Task brief>
From the entries below, print exactly the span beginning with the line holding "Im Untergeschoss erwartet" and ending with the line holding "- Kitchen Features: Breakfast", endpoints included, and skip any pictures.

Records for the task>

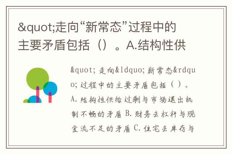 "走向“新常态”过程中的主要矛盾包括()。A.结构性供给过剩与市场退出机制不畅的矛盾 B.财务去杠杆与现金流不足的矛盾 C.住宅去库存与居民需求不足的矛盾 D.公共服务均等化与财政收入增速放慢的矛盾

==

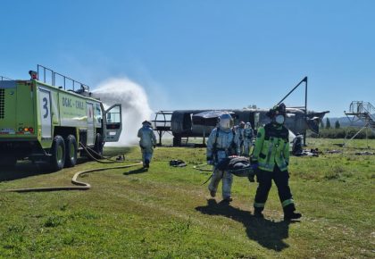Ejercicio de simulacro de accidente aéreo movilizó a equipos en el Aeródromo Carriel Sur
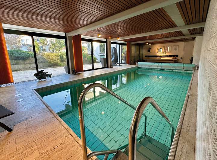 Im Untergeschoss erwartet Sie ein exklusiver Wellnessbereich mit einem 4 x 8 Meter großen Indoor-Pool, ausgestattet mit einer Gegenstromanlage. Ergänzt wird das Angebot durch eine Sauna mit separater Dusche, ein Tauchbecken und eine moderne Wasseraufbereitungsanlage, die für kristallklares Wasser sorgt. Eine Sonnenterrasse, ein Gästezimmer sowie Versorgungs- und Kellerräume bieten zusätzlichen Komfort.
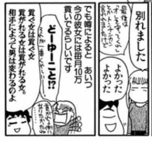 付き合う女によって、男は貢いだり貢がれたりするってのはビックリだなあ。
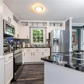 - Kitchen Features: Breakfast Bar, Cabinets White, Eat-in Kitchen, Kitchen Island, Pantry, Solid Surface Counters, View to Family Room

Output below>
 Im Untergeschoss erwartet Sie ein exklusiver Wellnessbereich mit einem 4 x 8 Meter großen Indoor-Pool, ausgestattet mit einer Gegenstromanlage. Ergänzt wird das Angebot durch eine Sauna mit separater Dusche, ein Tauchbecken und eine moderne Wasseraufbereitungsanlage, die für kristallklares Wasser sorgt. Eine Sonnenterrasse, ein Gästezimmer sowie Versorgungs- und Kellerräume bieten zusätzlichen Komfort.
 付き合う女によって、男は貢いだり貢がれたりするってのはビックリだなあ。
 - Kitchen Features: Breakfast Bar, Cabinets White, Eat-in Kitchen, Kitchen Island, Pantry, Solid Surface Counters, View to Family Room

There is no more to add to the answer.